- Task instructions -
When you return the data, keep every line exactly as it is and leave out the pictures.

- Given data -
* * *

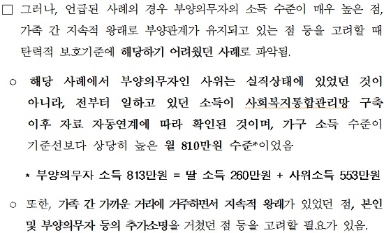 더구나 복지부는 딸 부부의 간주부양비가 56만 원으로 1인 최저생계비 55만 3354원보다 단지 7천 원 정도가 많아 아슬아슬하게 수급에서 탈락한 사례라는 내용은 밝히지 않았습니다. 오히려 '부양의무자의 소득 수준이 매우 높다는 점' 등과 같은 표현으로 적법하게 처리한 사례였다는 점을 강조했습니다.
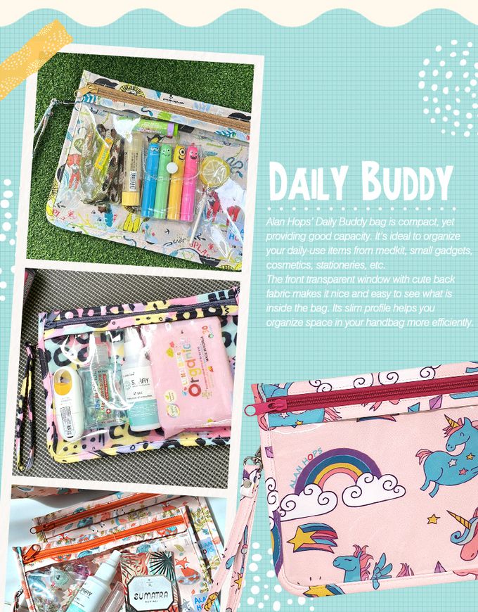 。背面為賞心悅目的時尚花色, 正面為透明面, 一看便知裡面內裝物.
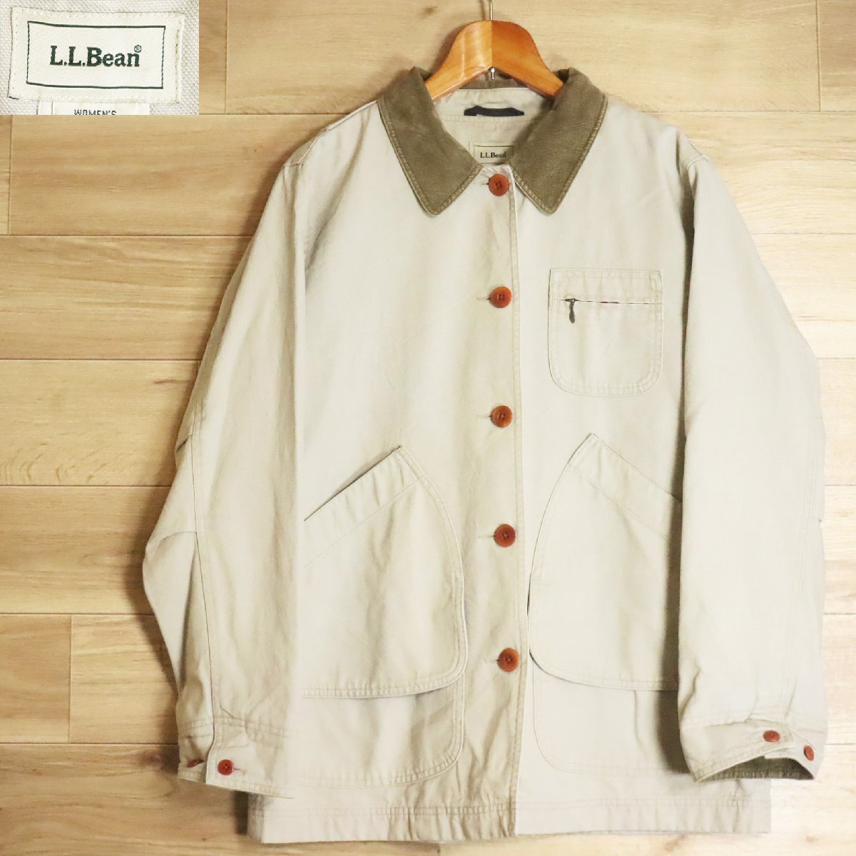 %7R/R5.7-2 L.L.Bean エルエルビーン ハンティングジャケット カバーオール 襟コーデュロイ M レディース アメリカ古着

* * *

- Answer to this exercise -
 더구나 복지부는 딸 부부의 간주부양비가 56만 원으로 1인 최저생계비 55만 3354원보다 단지 7천 원 정도가 많아 아슬아슬하게 수급에서 탈락한 사례라는 내용은 밝히지 않았습니다. 오히려 '부양의무자의 소득 수준이 매우 높다는 점' 등과 같은 표현으로 적법하게 처리한 사례였다는 점을 강조했습니다.
 。背面為賞心悅目的時尚花色, 正面為透明面, 一看便知裡面內裝物.
 %7R/R5.7-2 L.L.Bean エルエルビーン ハンティングジャケット カバーオール 襟コーデュロイ M レディース アメリカ古着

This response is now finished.